▶ [PROVIDED DATA]:
^^^^

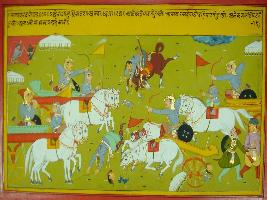 | Description / विवरण | Miniature painting based on Mahabharat - Shalya parva. Yudhisthir is depicted fighting fieraly and he is crushing every thing coming to his way, he is killing enemy like Shiv killing demons with trishool. |
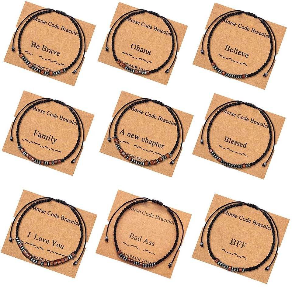 สร้อยข้อมือหินธรรมชาติถักแบบปรับได้ สไตล์มอร์สโค้ด ตัวอักษรและตัวเลข สำหรับคู่รัก 男女兼用 ลดราคาพิเศษ
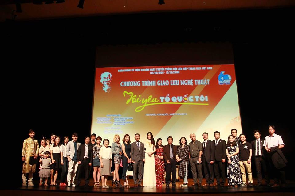 Tối 25 tháng 9 năm 2016, tại Trung tâm nghệ thuật Bupyeong - Nhà hát Dalnuri, Hàn Quốc, diễn ra chương trình giao lưu nghệ thuật “Tôi yêu Tổ quốc tôi”, một hoạt động đặc biệt kỷ niệm 60 năm ngày truyền thống Hội liên hiệp thanh niên Việt Nam. Chương trình do Trung ương Hội Liên hiệp thanh niên Việt Nam, Đại sứ quán Việt Nam tại Hàn Quốc, Nhà hát Tuổi trẻ Việt Nam và Hội người Việt Nam tại Hàn Quốc, Hội Sinh viên Việt Nam tại Hàn Quốc phối hợp tổ chức.
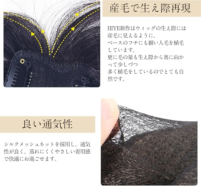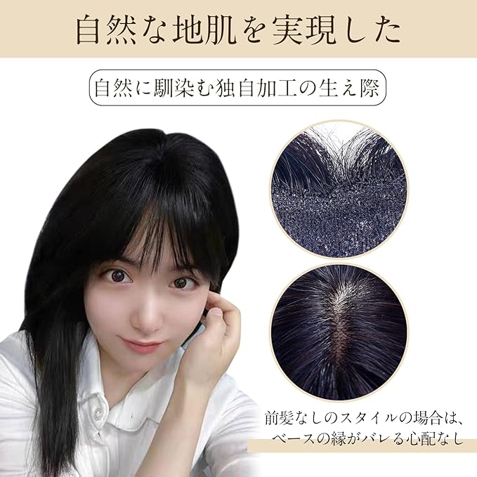 自然な生地肌:自然に馴染む独自加工の生え際で、前髪なしのスタイルの場合は、ベースの縁がバレる心配しません。

^^^^

▶ [EXERCISE]:
Retype the material in full, exactly as written, and exclude the pictures.

▶ [TASK OUTPUT]:
 | Description / विवरण | Miniature painting based on Mahabharat - Shalya parva. Yudhisthir is depicted fighting fieraly and he is crushing every thing coming to his way, he is killing enemy like Shiv killing demons with trishool. |
 สร้อยข้อมือหินธรรมชาติถักแบบปรับได้ สไตล์มอร์สโค้ด ตัวอักษรและตัวเลข สำหรับคู่รัก 男女兼用 ลดราคาพิเศษ
 Tối 25 tháng 9 năm 2016, tại Trung tâm nghệ thuật Bupyeong - Nhà hát Dalnuri, Hàn Quốc, diễn ra chương trình giao lưu nghệ thuật “Tôi yêu Tổ quốc tôi”, một hoạt động đặc biệt kỷ niệm 60 năm ngày truyền thống Hội liên hiệp thanh niên Việt Nam. Chương trình do Trung ương Hội Liên hiệp thanh niên Việt Nam, Đại sứ quán Việt Nam tại Hàn Quốc, Nhà hát Tuổi trẻ Việt Nam và Hội người Việt Nam tại Hàn Quốc, Hội Sinh viên Việt Nam tại Hàn Quốc phối hợp tổ chức.
 自然な生地肌:自然に馴染む独自加工の生え際で、前髪なしのスタイルの場合は、ベースの縁がバレる心配しません。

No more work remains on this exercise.